Legacy technologies are systems, software, or hardware devices that have become outdated. Due to rapid technological changes, a system may be considered as a legacy within a few years. Often, these legacy technologies are essential and used in multiple processes and departments within an organization. In some cases, internal software has been specially built for a specific purpose but is no longer updated by the original creators. The title 'legacy' may imply that the technology needs replacement, but they’re typically still in use for many years after they’re classified as such. This is because legacy technologies have been used within organizations for decades and contain large amounts of crucial data.
Installing a complete replacement can become a complex and extremely expensive process. It could also be unnecessary as the technology may still fulfil the needs of the user. As such, most organizations over three years old will have at least one example of legacy technology in their system. However, it’s vital to keep track of risks this introduces to IT, no matter its age or size or the industry you’re in.
Why is legacy technology a drain on a business?
Whatever the reason for its presence, legacy technology can have an inescapably damaging impact on a business, especially during rapid change - for example, the shift in platform that many businesses are taking due to the impact of the COVID-19 pandemic. These risks can range from unhappy customers having to engage with a sluggish interface to leaving the business's private information open to a cyberattack; organizations choosing to stick with legacy tech willingly do so at their own risk.
Legacy infrastructure can cause the following issues.
- Low performance and technology failures: Business leaders need to provide their employees with the latest tools to maximize their productivity, whether updating old systems or integrating them with new ones. Legacy technology suffers from counter-intuitive, difficult-to-operate interfaces, which can take a toll on employees. As such, workers could be spending hours on a task that should have taken mere minutes, resulting in an unnecessarily high cost to a business.
- Security risks: Obsolete systems are often not supported by the latest patches, protecting against anything from ransomware to botnets. This leaves your business vulnerable to cyber attacks and data leaks - something that can drown a company in today's age of Alcatraz-esque data protection laws.
- Inflexibility or lack of scalability: One of the most severe and jarring shifts in the IT industry for many companies over the past ten years has been system evolution. From working as 'legacy' on-premises data stores to cloud services and Software-as-a-Service (SaaS) applications without changing your infrastructure, your business will be left behind.
- Termination of support by software or hardware vendors: Vendors will leave plenty of companies in the dust if they refuse to update their processes. This can all but kill a business as technology and software become obsolete faster than ever. The lack of modern capabilities and suitability for modern-day business standards become more and more apparent as the progression of technology accelerates. This means the business cannot utilize the plethora of new opportunities emerging every single day.

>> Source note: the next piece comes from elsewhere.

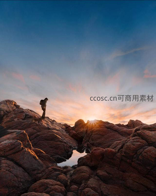 一人背负行囊,伫立于嶙峋的红色岩石之上,凝望远方绚烂的日落。天空被晚霞染成橙红与深蓝交织的画卷,充满宁静与壮阔之感。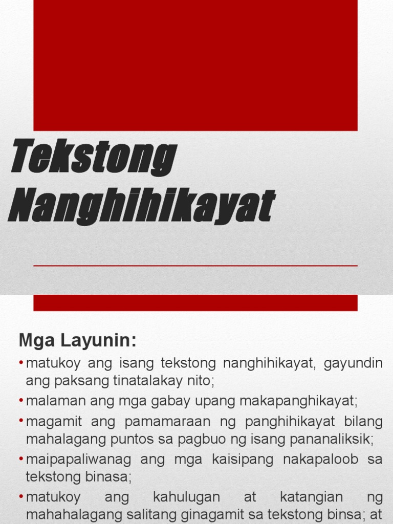 Tekstong Nanghihikayat Persuasive Layunin ng tekstong ito na himukin ang mambabasa na kumilos at gumawa ng isang bagay na naayon sa kagustuhan ng manunulat. Maipapaliwanag ang mga kaisipang nakapaloob sa. Isang karangalan para sa akin ang pagpaunlakan ninyo ako bilang Direktor ng ATC International Association in Tea and Coffee Industry upang mailunsad at ipakita sa publiko ang isa sa pinakabago naming produkto.

Should your business try to move on from legacy infrastructure?
The truth is that your business will never be able to outrun the leaps and bounds that technology takes daily. For example, a new Apple iPhone arrives on an almost yearly basis, and every time that happens, anything older than two generations behind appears obsolete. This isn’t necessarily something that most businesses can live up to, and that’s perfectly acceptable. As long as you embrace consistent updates and try to be as up-to-date as possible within the monetary constraints of "still making liveable profit," you’ll reap the benefits.
What are the benefits of updating legacy systems?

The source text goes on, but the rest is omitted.